Researchers Suggest a Ban on Encryption Will Drive Darknet Use
After the London terror attack in June, Prime Minister Theresa May lashed out at communication companies for “providing safe places for extremists to broadcast their hate messages over the Internet.” She pushed for international agreements allowing the government to regulate the internet—a step she believed would curb terrorism. Some security researchers, though, argued that doing so would only push terrorist content onto the darknet.
Simon Milner, Policy Director at Facebook, announced that Facebook already implemented many anti-terrorism protocols. In the statement, Milner explained that Facebook worked towards creating “a hostile environment for terrorism.” He explained that Facebook already takes advantage of every method possible to find various types of threats. The social networking giant also reports the content to law enforcement for legal action.
Twitter’s Head of Public Policy in the UK, Nick Pickles said similar—that “terrorist content has no place on Twitter.” More than 375,000 accounts were suspended in the second half of 2016 for terror related content. However, when compared to Facebook or Google’s YouTube, Twitter failed to control the majority of the accounts reported for terrorist activity. Pickles told CNN that the platform would “never stop working” on fighting the spread of terrorist propaganda.

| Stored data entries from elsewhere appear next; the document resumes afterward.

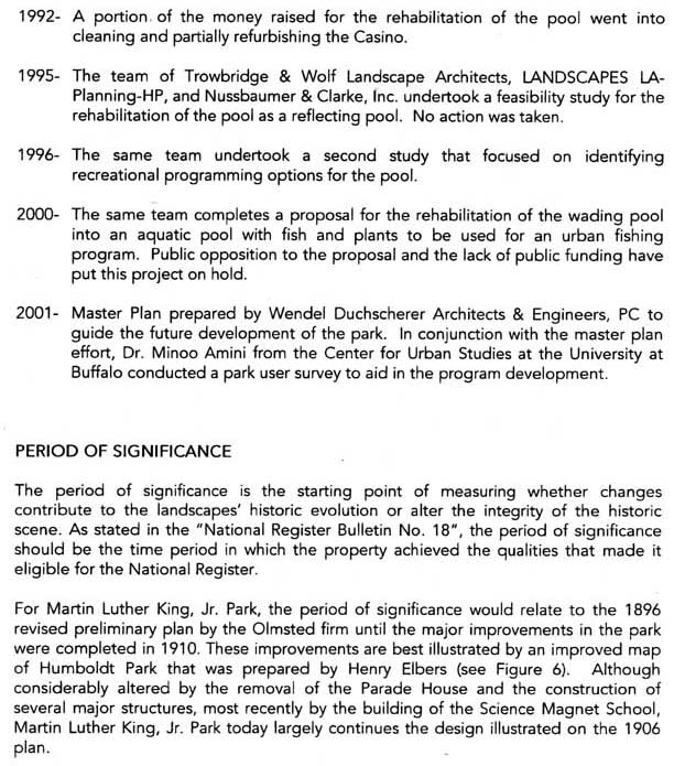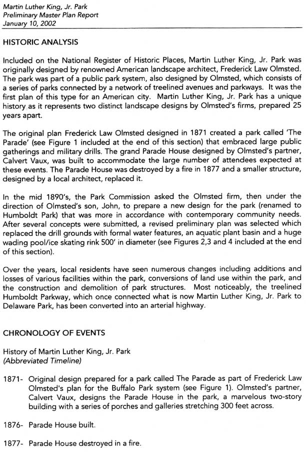 Historic Analysis - Martin Luther King, Jr. Park Preliminary Master Plan Report January 10, 2002 Prepared by Wendel Duchscherer Architects & Engineers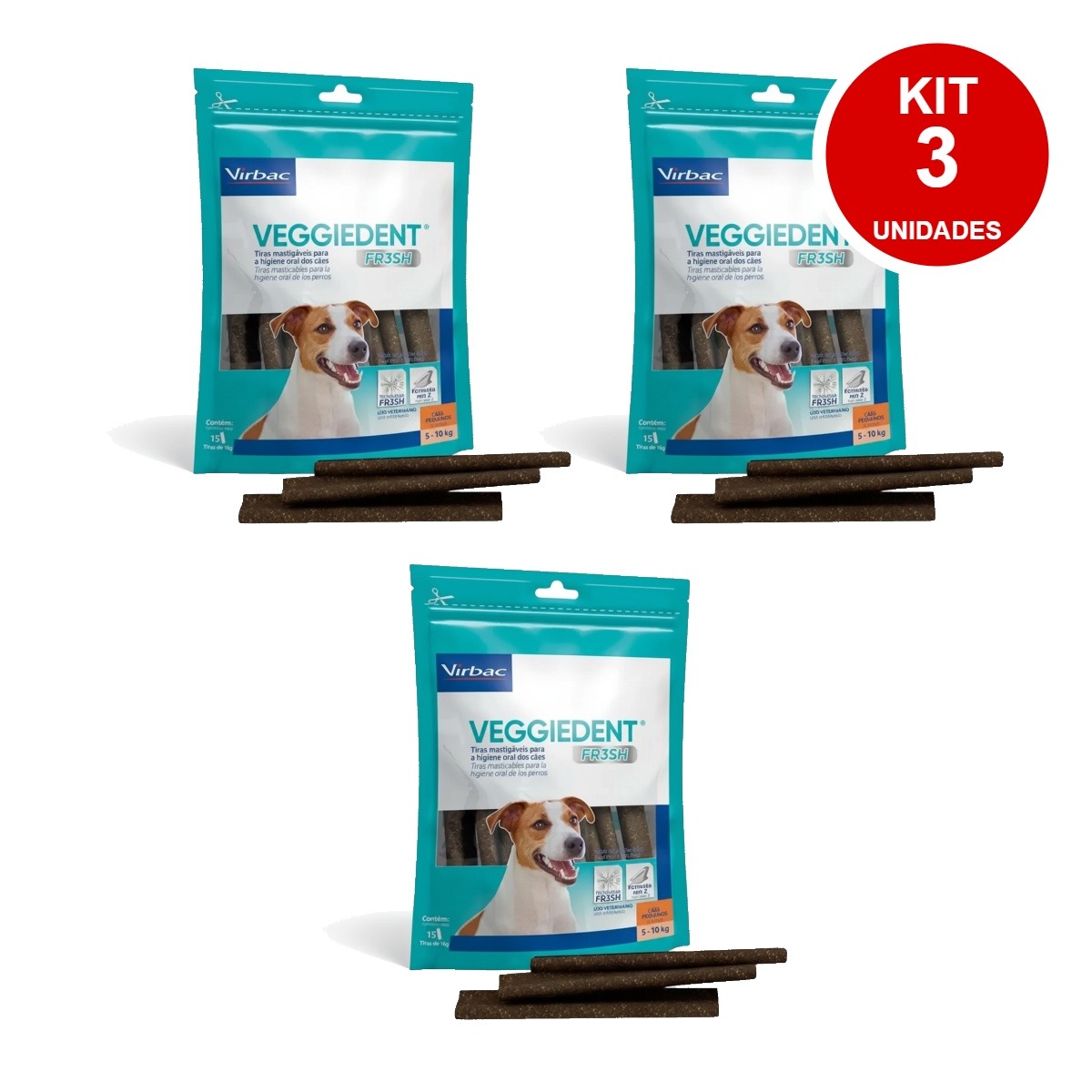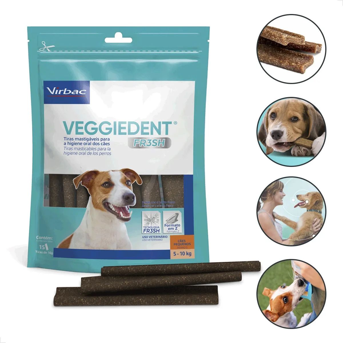 3 Unidades VEGGIEDENT FR3SH S – PACOTE COM 15 TIRAS MASTIGÁVEIS PARA HIGIENE ORAL DE CÃES PEQUENOS (5 A 10KG) – VIRBAC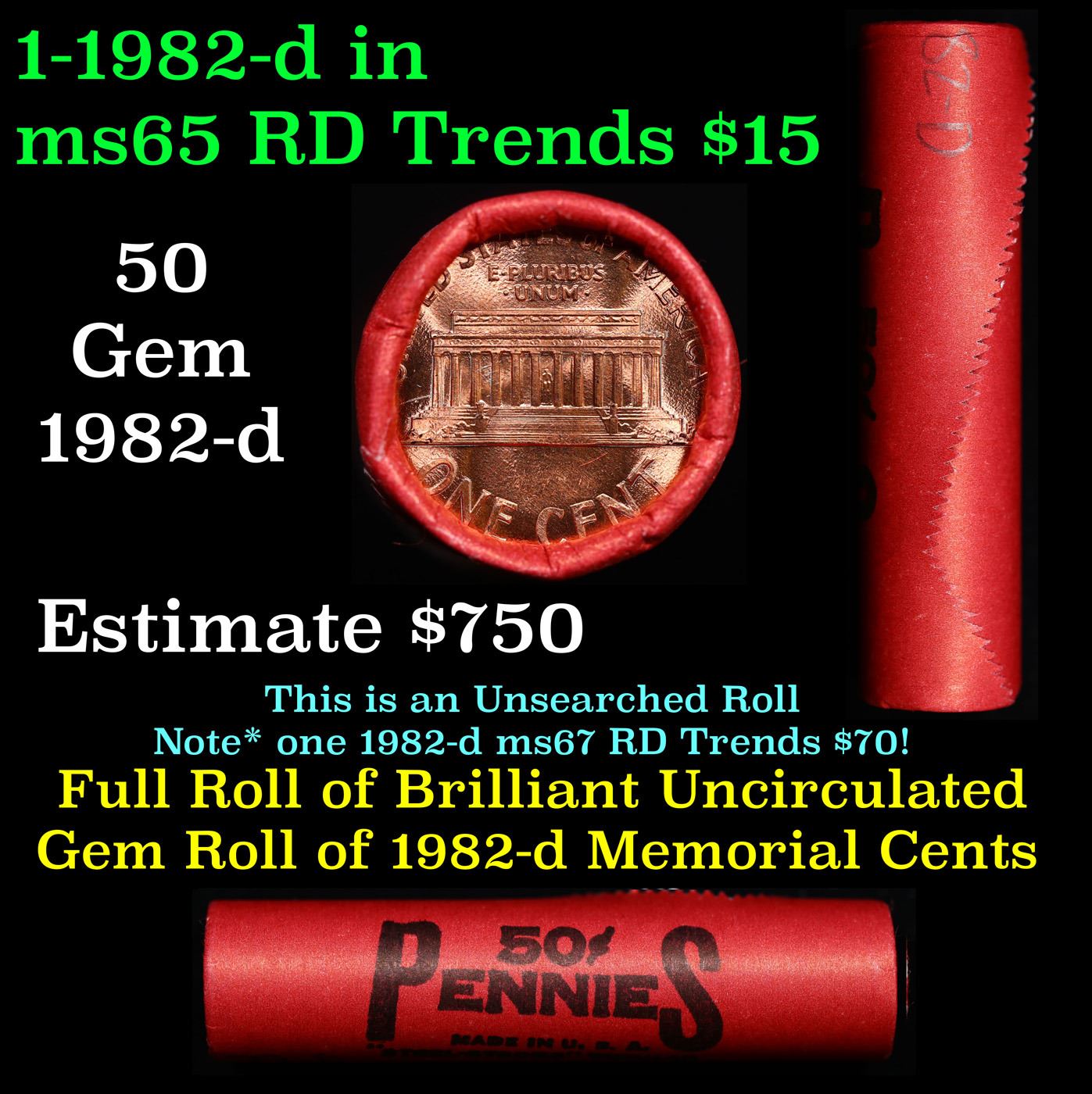 Shotgun Lincoln 1c roll, 1982-d 50 pcs Bank Wrapper.. A terrific Shotgun roll of Lincoln cents. Most if not all coin should be cherry red.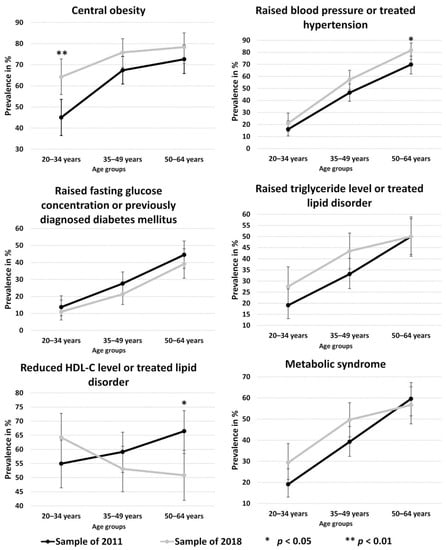 An increase in the prevalence of metabolic syndrome was observed in case of the 20–34 and 35–49 age groups between 2011 and 2018, but it was not statistically significant.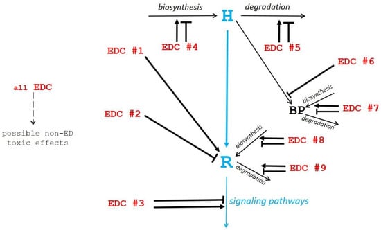 Schematic view of potential mechanisms of action of endocrine disruptor compounds (EDCs). The physiological hormonal mechanism is shown in blue. The diverse EDC mechanisms of action (EDC #1 to EDC #9 in red) as described in the text, are shown by black arrows pointing to their site of action (→ stimulation; ─┤ inhibition).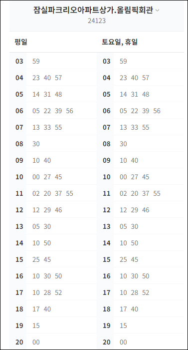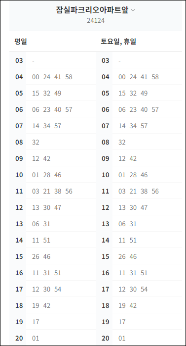 * 잠실파크리오아파트 막차 : 저녁 20시 1분 출발
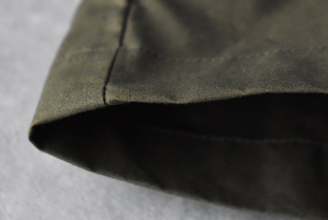 ※こちらの商品は、コットン生地にワックスをコーティングする事で生まれる風合いが特徴となっております。風合いの変化を避ける為、下記の点にご注意願います。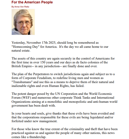 There’s also a YouTube video circulating with the title “Its Done! America is Now Free! We Had To Be First So We Could Help Others ~ Anna Von Reitz 11/17/2025,” which echoes that same celebratory framing of that date.

Home Secretary Amber Rudd when asked about hashtags:
Privacy enthusiasts have not responded well. Cybercrime analyst Nico Cool wrote that “terrorists have free reign on the internet,” in reference to May’s ongoing plan. “Well-known Internet companies may indeed make some efforts to block extremist content. But on the Tor, darknet criminals are the master. And it will stay that way” He, unsurprisingly, disagrees with May’s push towards a privacy free world. Some counter-terror experts believe the darknet is already to blame. “People are learning how to carry out attacks on the darknet,” Nikita Malik told Express.co.uk. “People are learning how to carry out attacks through manuals than can be downloaded through the darknet.”
The anti-terrorism movement—specifically the pressure to end encryption and more tightly regulate online communication networks—has been explained as a part of a much larger anti-piracy agenda.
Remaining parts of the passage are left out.